Dataset extract =
· · ·

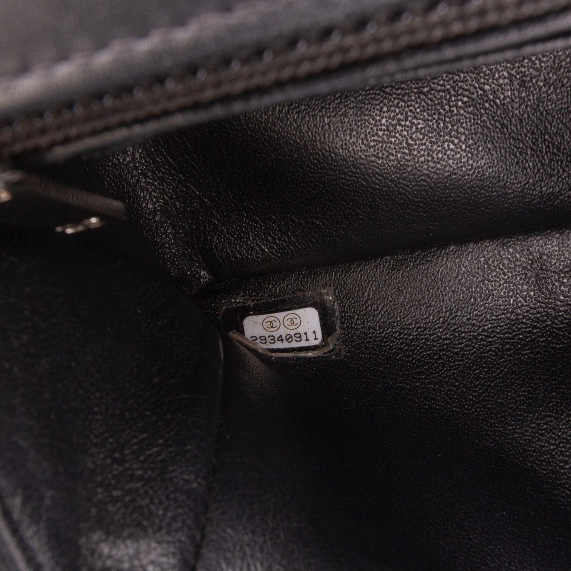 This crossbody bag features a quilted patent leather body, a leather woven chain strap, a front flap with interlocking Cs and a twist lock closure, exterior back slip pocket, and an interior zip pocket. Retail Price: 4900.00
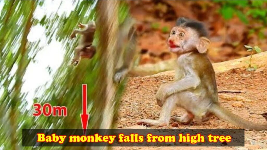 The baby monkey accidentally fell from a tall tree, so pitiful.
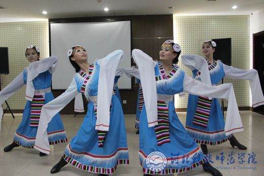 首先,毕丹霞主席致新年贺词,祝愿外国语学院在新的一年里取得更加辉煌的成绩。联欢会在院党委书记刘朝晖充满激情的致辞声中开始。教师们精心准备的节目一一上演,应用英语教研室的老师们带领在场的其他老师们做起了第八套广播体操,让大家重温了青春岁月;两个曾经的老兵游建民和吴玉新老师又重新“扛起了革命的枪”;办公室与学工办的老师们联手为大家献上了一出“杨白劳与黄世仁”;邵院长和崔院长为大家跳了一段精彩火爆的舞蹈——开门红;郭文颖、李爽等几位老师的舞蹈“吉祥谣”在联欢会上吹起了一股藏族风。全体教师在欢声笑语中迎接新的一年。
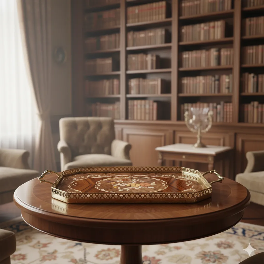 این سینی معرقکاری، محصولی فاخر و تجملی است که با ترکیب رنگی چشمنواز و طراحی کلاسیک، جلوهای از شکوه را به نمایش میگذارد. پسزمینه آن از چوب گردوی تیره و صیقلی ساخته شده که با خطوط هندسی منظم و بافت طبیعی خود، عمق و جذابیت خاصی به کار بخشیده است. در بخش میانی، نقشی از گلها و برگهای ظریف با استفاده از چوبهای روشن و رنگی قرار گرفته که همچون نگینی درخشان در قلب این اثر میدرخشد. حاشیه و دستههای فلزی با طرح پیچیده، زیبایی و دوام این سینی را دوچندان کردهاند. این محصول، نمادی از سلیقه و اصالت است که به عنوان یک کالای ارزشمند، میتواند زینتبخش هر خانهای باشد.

· · ·

Would you restate, word for word and with no pictures, only the lines from the opening of the material through the line with "首先,毕丹霞主席致新年贺词,祝愿外国语学", both included?

 This crossbody bag features a quilted patent leather body, a leather woven chain strap, a front flap with interlocking Cs and a twist lock closure, exterior back slip pocket, and an interior zip pocket. Retail Price: 4900.00
 The baby monkey accidentally fell from a tall tree, so pitiful.
 首先,毕丹霞主席致新年贺词,祝愿外国语学院在新的一年里取得更加辉煌的成绩。联欢会在院党委书记刘朝晖充满激情的致辞声中开始。教师们精心准备的节目一一上演,应用英语教研室的老师们带领在场的其他老师们做起了第八套广播体操,让大家重温了青春岁月;两个曾经的老兵游建民和吴玉新老师又重新“扛起了革命的枪”;办公室与学工办的老师们联手为大家献上了一出“杨白劳与黄世仁”;邵院长和崔院长为大家跳了一段精彩火爆的舞蹈——开门红;郭文颖、李爽等几位老师的舞蹈“吉祥谣”在联欢会上吹起了一股藏族风。全体教师在欢声笑语中迎接新的一年。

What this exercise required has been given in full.